Question

3. The insertion of a 4,700-bp Doc retroposon is in the MIDDLE of the promoter region of the white gene as indicated between P1 and P3 (467bp) in Figure below. It is the same distance between P1 and point A (the beginning of retroposon) and between point C (the end of retroposon) as and P3. The retroposon specific primer P2 is 100 bp downstream of A. Use Primer sets P1, P2, P3 to amplify the white one gene promoter and identify the presence of retroposon in the white gene of fruit flies. (1) What is the size between P1 and A and between P3 and C? (2) What is the size of wild type PCR product and that are the primers used to identify the wild type gene? (3) What is the size of the mutant PCR product and that are the primers used to identify the presence of the retroposon. (4) Write down the PCR DNA sizes for two of the following genotypes (male with mutation, male without mutation, female homozygous mutation, female heterozygous mutation and female homozygous wild type). Ask your TA for which two genotypes you have to work on. P1 P2 P3 163

Answer 1

(1) The size between P1 and A and between P2 and C is having equal distance as told in the question. Of the total 467bp the insertion and promotion of the 47000 bp retroposon starts from the point C and 1 bp is used in it.

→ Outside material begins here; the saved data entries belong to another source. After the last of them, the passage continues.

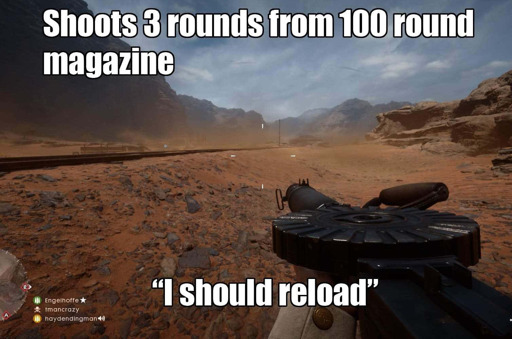 minus-square87Six@lemmy.ziplinkfedilinkarrow-up2·6 days agoNew bf* You can die in 3 shots from automatic weapons in bf1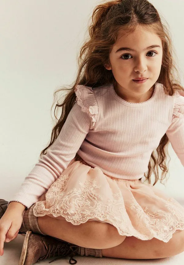 Топ с длинными рукавами и оборками Newbie, Light Pink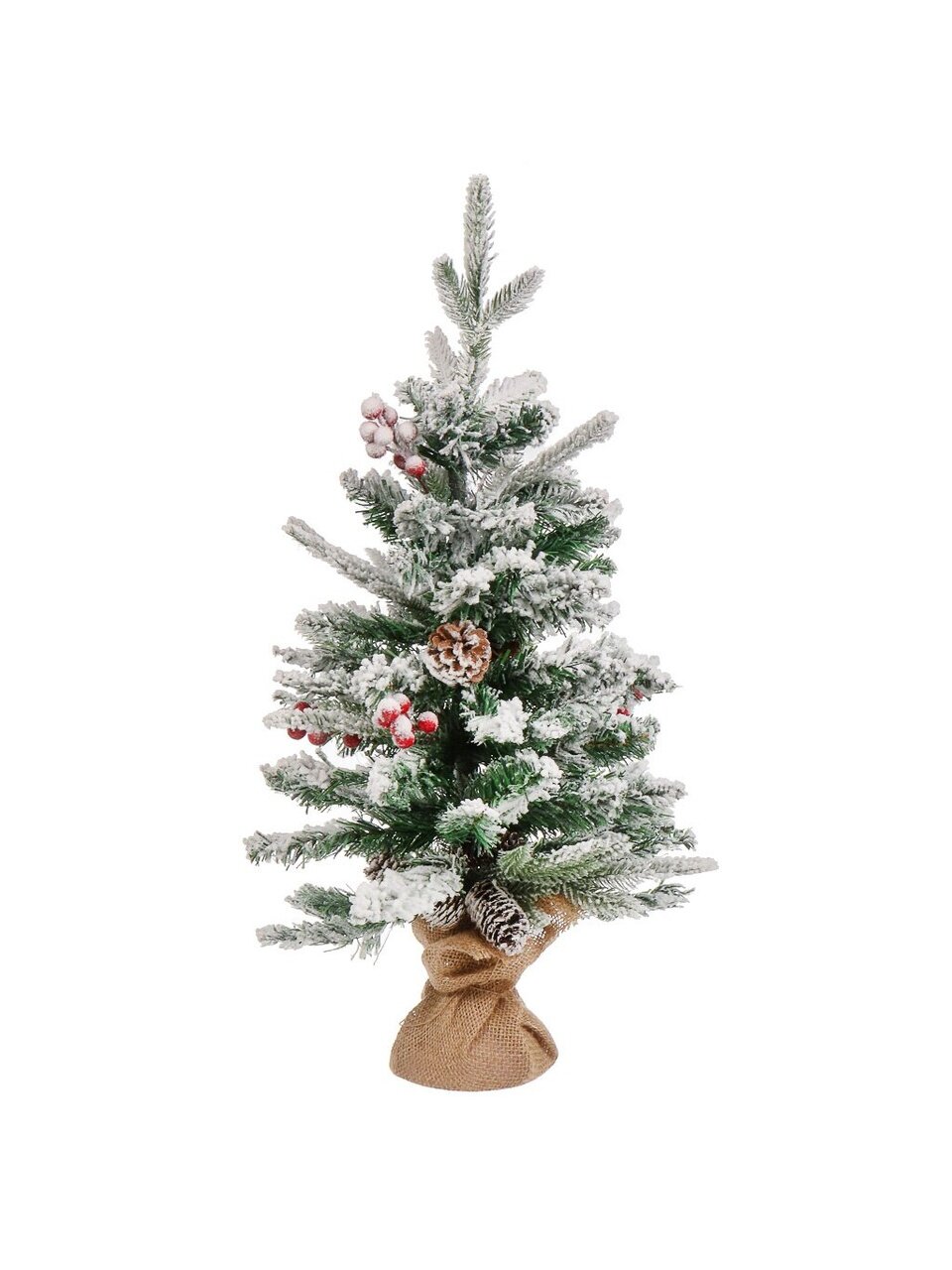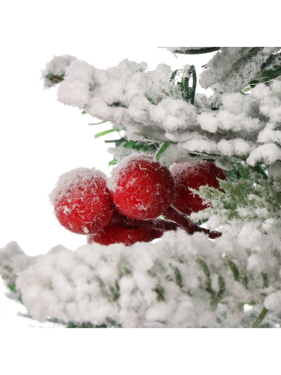 Настольная новогодняя елка 65 см с заснеженными ветками и ягодами — стильный декор для дома или подарка, который не осыпается и не требует ухода.

Of the 467bp, 466bp left are equally present between P1 and A and P2 and C, that is, 233bp is the size of P1 to A=P2 to C.

(2)The size of the wild type PCR product would be in the absence of the mutant portion that would be 476 bp long as it would start from one side by primer P1 and from the other side by primer P3.

(3) The mutant PCR product would be of the size 47000bp+233bp+100bp(size of P2)=47333bp as the extension by primer P2 and P1 would start from the two given points and as a result the mutant PCR product would be formed.

(4) PCR DNA size of male mutation is 47333bp as discussed above, and of male without mutation is 467bp as the mutation is absent so the role of retroposon and P2 is not there.